I've just done some testing. If I create an email with the Xfinity app on my phone it behaves the way every other email program in the world works, i.e., WYSIWYG. As we all do, If I have a long sentence or large paragraph, I just keep typing, and let it word wrap when the number of characters gets too large for the current viewport. When I am done with a paragraph, if I hit the return or enter key once, the cursor goes to the beginning of the next line, with no vertical space between the new paragraph and the last one, which leads to no clear paragraph break. In order to get a one-line space between the paragraphs, I have to hit the Enter key twice.

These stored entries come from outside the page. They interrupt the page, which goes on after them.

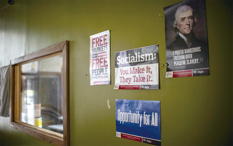 「進步主義」與「自由主義」、「社會主義」、「共產主義」是同一棵樹上的果子,目的是要摧毀美國的傳統價值觀,毀滅是非善惡的標準。圖為2020年8月12日一處共和黨人競選辦公室牆上的標語:社會主義是你創造、它享有。(Eric Baradat / AFP)
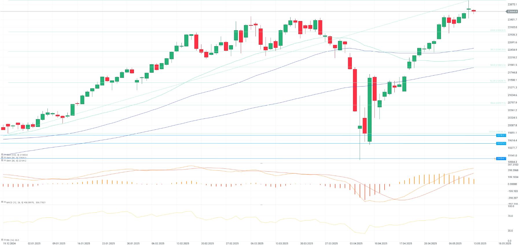 El índice alemán, el Dax 40, retrocede ligeramente tras alcanzar un nuevo máximo histórico ayer, pero se mantiene por encima del nivel de retroceso de Fibonacci del 23,6% y de la media móvil simple (SMA) de 50 días, ambos como soportes clave. Los alcistas buscarán mantener el impulso por encima de los máximos recientes para confirmar la ruptura, mientras que los bajistas podrían intentar impulsar el índice por debajo de esos niveles, con la media móvil simple (SMA) de 50 días como objetivo a corto plazo. El RSI se mueve ligeramente por debajo de la zona de sobrecompra, lo que indica una posible desaceleración del impulso alcista. Mientras tanto, el MACD comienza a estrecharse, lo que indica cautela, ya que la presión compradora podría estar perdiendo fuerza. Fuente: xStation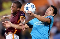 Соперники не стали тратить много времени на разведку и довольно быстро открыли забрала. Сразу с обеих сторон пошли попытки обострить игру, скорости были на должном уровне. Однако со временем всё начало потихоньку становиться на свои места. Месси и компания забрали мяч под контроль и взялись плести свои любимые кружева на чужой половине поля. Без малого полтайма итальянское катеначчо вполне уверенно справлялось с гостевыми выпадами, но на 21-й минуте оборона «Ромы» таки дрогнула. Ракитич, завладев сферой на правом краю штрафной, сместился к лицевой и навесил на дальнюю штангу, откуда одинокий Суарес с полуметра вколотил снаряд в верхний угол – 0:1. Руди Гарсия и его подопечные вступили в споры с судейской бригадой: по их мнению, в момент получения мяча Ракитичем Месси, находившийся неподалёку, нарушал правила против Диня. Рефери, хоть и не без труда, унял разбушевавшихся римлян, а повтор показал, что намеренного фола со стороны Лионеля не было. А спустя буквально пару минут хозяева уже должны были благодарить арбитра. Суарес пробросил мяч мимо Щесны, и голкипер, бросившись в ноги, сбил уругвайца. У Бьорна Кейперса были все основания указывать на «точку» и тем самым, пожалуй, давать «Барселоне» шанс заблаговременно снять вопросы о победителе матча, но голландский рефери не поверил нападающему и потребовал, чтобы тот поднялся с газона. Поймав кураж, «сине-гранатовые», игравшие в этот вечер в голубой форме, бросились добивать раненого соперника, но неудачно проведя пару атак, отошли к своим владениям.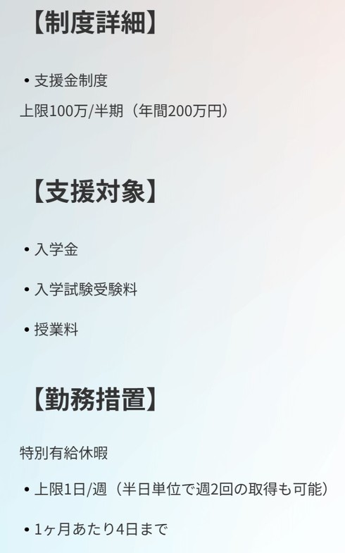 原則として、研究テーマは業務に関連し、在学中に業務への貢献がある内容に限る。入学金や受験料、授業料を最大で年間200万円(半期上限100万円)支援する。勤務措置として週に1日(1カ月あたり4日まで)の特別有給休暇も与える。

And when I am done, the recipient sees the same paragraph blocking as I see when I create the message.
However, if I type the same message using any browser on my Windows PC and the Xfinity mail application, the message blocking still looks the same when I create it, but when I, or anyone else, opens the email message, my single Enter keystroke has put two line feeds in the message, and my double Enter keystrokes to get the desired one-line space between paragraphs, has been magically converted to 2 x 2 = 4 (four) line feeds in the message going out. Which totally screws up the desired blocking of my message.
I find it amazing that the Comcast experts refuse to get it. They all insist that either this is the way it is supposed to work (all of us on this forum would argue otherwise), or that if we want an application that handles email correctly we shouldn't look to Xfinity, but to any other mail client in the world. If this is the way it is supposed to work, why does it behave differently depending on if you are composing your message on a PC or on a cell phone?
It is interesting that this discussion has been going in one forum thread or another for at least 18 months, and in most cases, once it becomes apparent that Comcast isn't going to help us or give us straight answers, "Expert" Latoque shuts down the forum with the statement: " With that, I'm closing this thread as it has played out its usefulness. " Usefulness to him, perhaps, but not to the increasingly frustrated Xfinity customers who are only trying to get Comcast to recognize they have a problem and make an honest effort to fix it.